Problem requirements
Everything from the line containing "今天上午,《仙剑奇侠传四》重制版发布正式预告,视频播放量很快就突破了166万。" through the last line of the listing below should be returned exactly, except for pictures.

=== Material shown ===

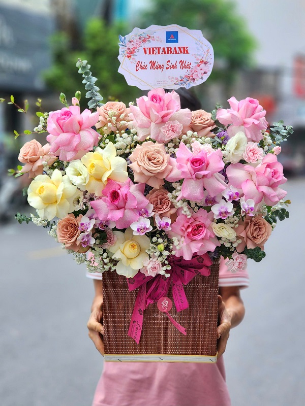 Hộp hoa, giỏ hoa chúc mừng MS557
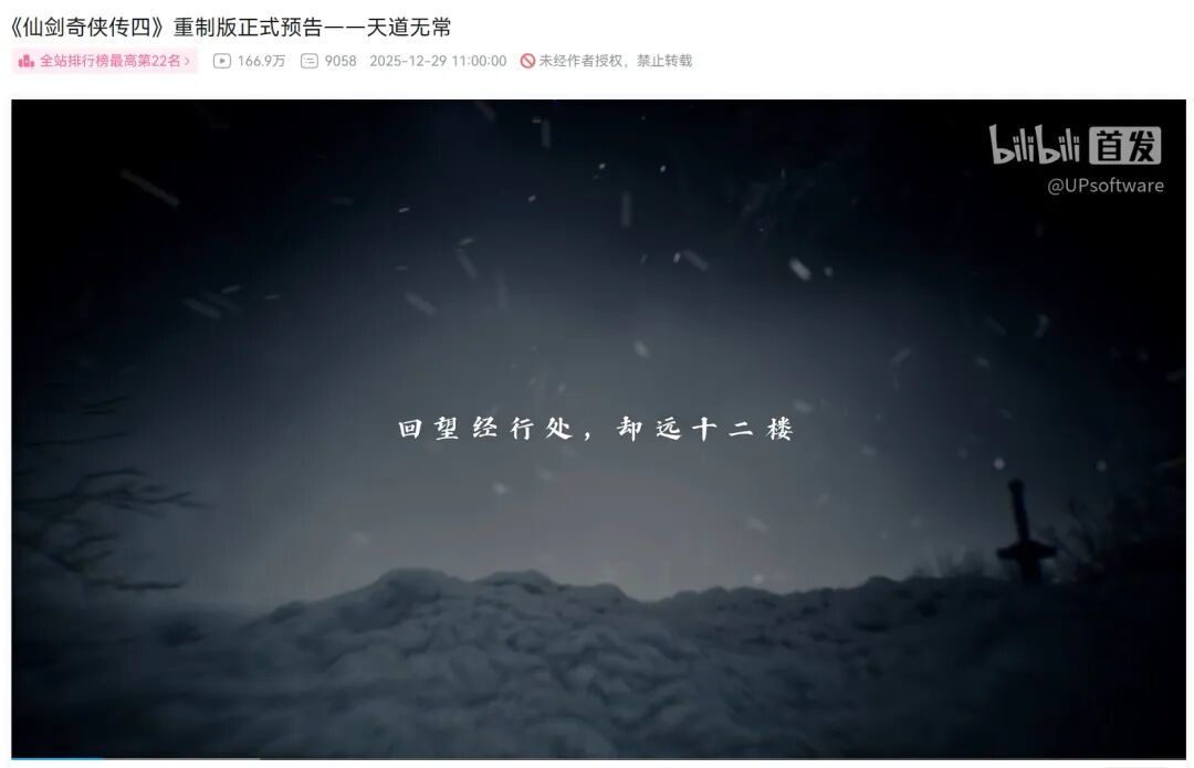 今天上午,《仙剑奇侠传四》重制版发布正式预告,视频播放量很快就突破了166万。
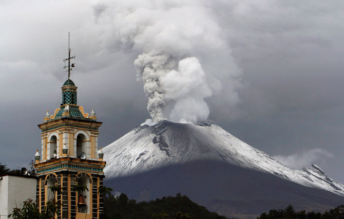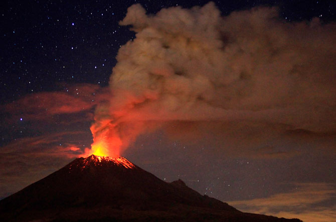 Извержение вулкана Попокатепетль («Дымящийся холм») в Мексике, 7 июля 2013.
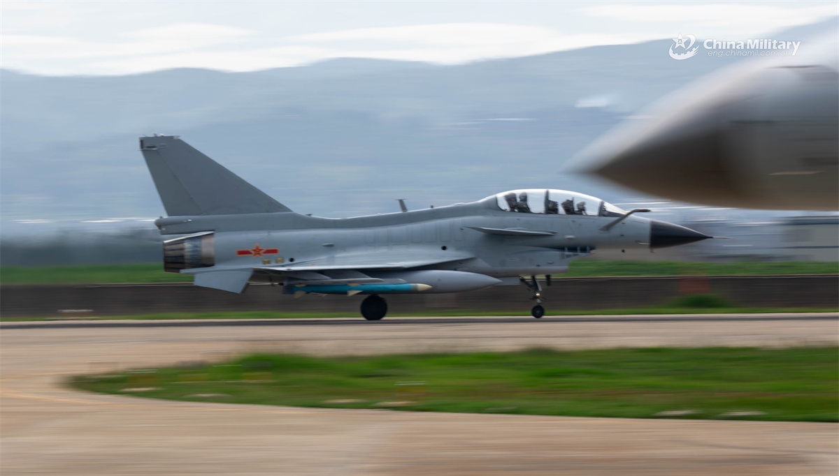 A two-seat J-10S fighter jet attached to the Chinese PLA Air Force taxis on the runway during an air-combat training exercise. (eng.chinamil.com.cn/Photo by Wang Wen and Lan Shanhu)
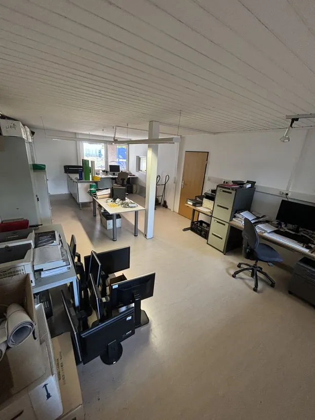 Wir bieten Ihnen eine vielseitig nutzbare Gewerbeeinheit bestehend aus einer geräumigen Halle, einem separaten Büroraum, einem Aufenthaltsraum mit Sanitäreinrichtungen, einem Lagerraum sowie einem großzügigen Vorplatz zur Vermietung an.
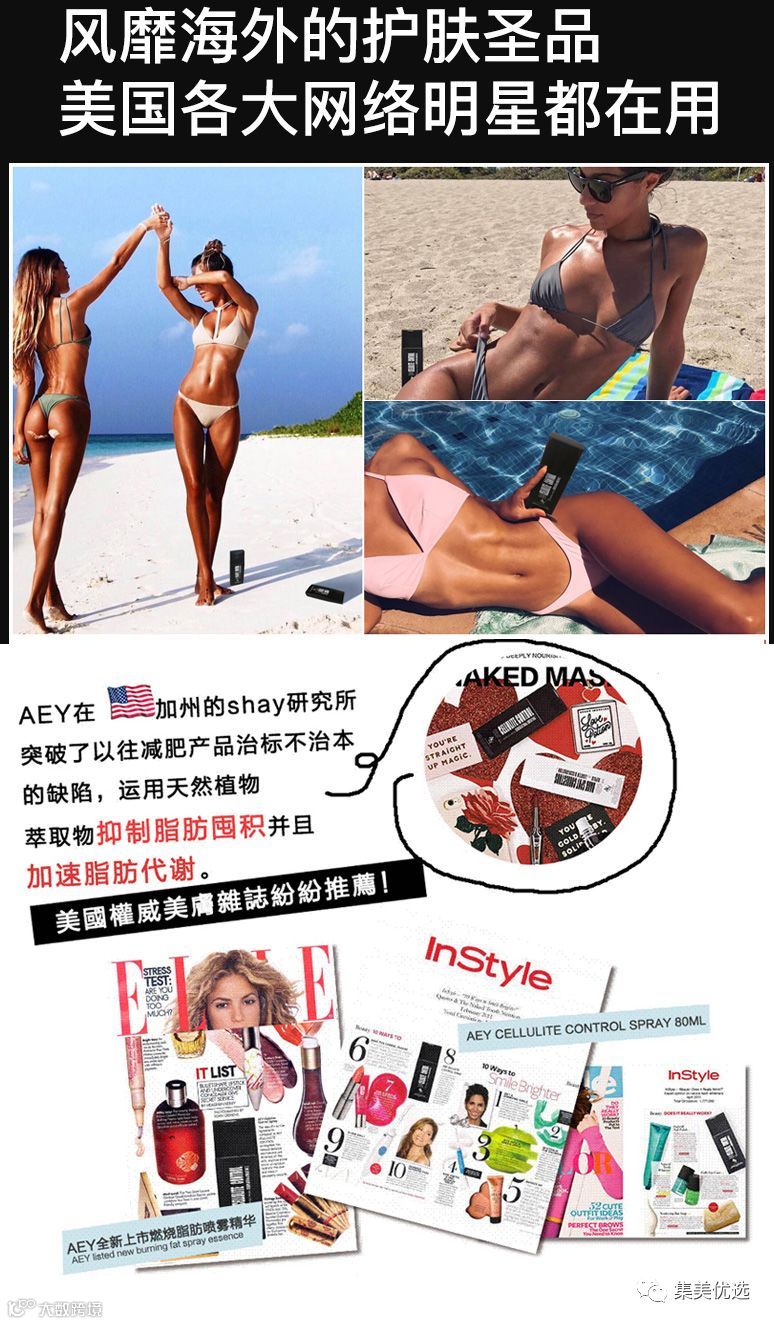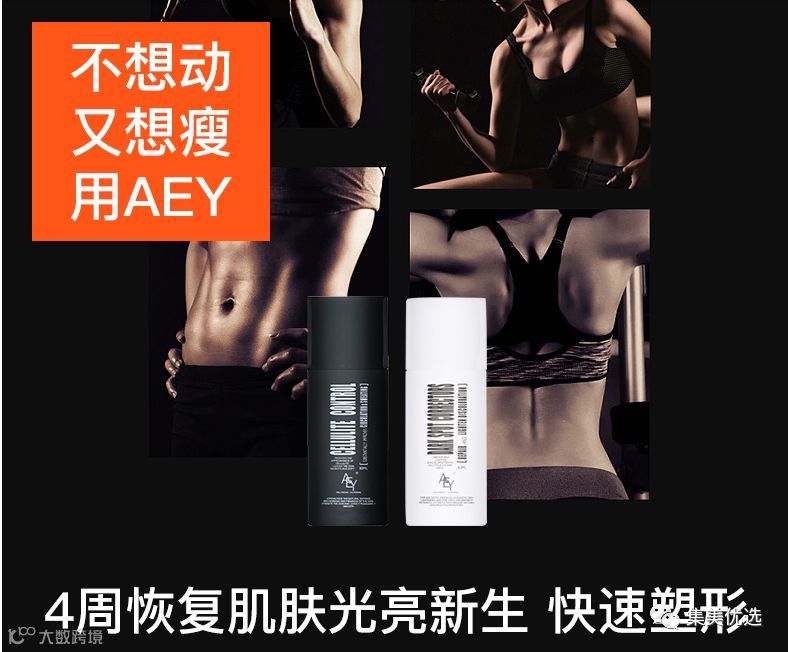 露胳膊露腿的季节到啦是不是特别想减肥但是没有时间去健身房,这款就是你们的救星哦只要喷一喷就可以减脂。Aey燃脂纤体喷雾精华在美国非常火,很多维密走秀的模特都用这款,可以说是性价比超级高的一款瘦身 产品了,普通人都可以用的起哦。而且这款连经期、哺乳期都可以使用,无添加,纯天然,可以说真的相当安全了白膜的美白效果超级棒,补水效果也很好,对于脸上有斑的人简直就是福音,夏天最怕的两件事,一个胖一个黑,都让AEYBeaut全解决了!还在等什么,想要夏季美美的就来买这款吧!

===

Expected answer
 今天上午,《仙剑奇侠传四》重制版发布正式预告,视频播放量很快就突破了166万。
 Извержение вулкана Попокатепетль («Дымящийся холм») в Мексике, 7 июля 2013.
 A two-seat J-10S fighter jet attached to the Chinese PLA Air Force taxis on the runway during an air-combat training exercise. (eng.chinamil.com.cn/Photo by Wang Wen and Lan Shanhu)
 Wir bieten Ihnen eine vielseitig nutzbare Gewerbeeinheit bestehend aus einer geräumigen Halle, einem separaten Büroraum, einem Aufenthaltsraum mit Sanitäreinrichtungen, einem Lagerraum sowie einem großzügigen Vorplatz zur Vermietung an.
 露胳膊露腿的季节到啦是不是特别想减肥但是没有时间去健身房,这款就是你们的救星哦只要喷一喷就可以减脂。Aey燃脂纤体喷雾精华在美国非常火,很多维密走秀的模特都用这款,可以说是性价比超级高的一款瘦身 产品了,普通人都可以用的起哦。而且这款连经期、哺乳期都可以使用,无添加,纯天然,可以说真的相当安全了白膜的美白效果超级棒,补水效果也很好,对于脸上有斑的人简直就是福音,夏天最怕的两件事,一个胖一个黑,都让AEYBeaut全解决了!还在等什么,想要夏季美美的就来买这款吧!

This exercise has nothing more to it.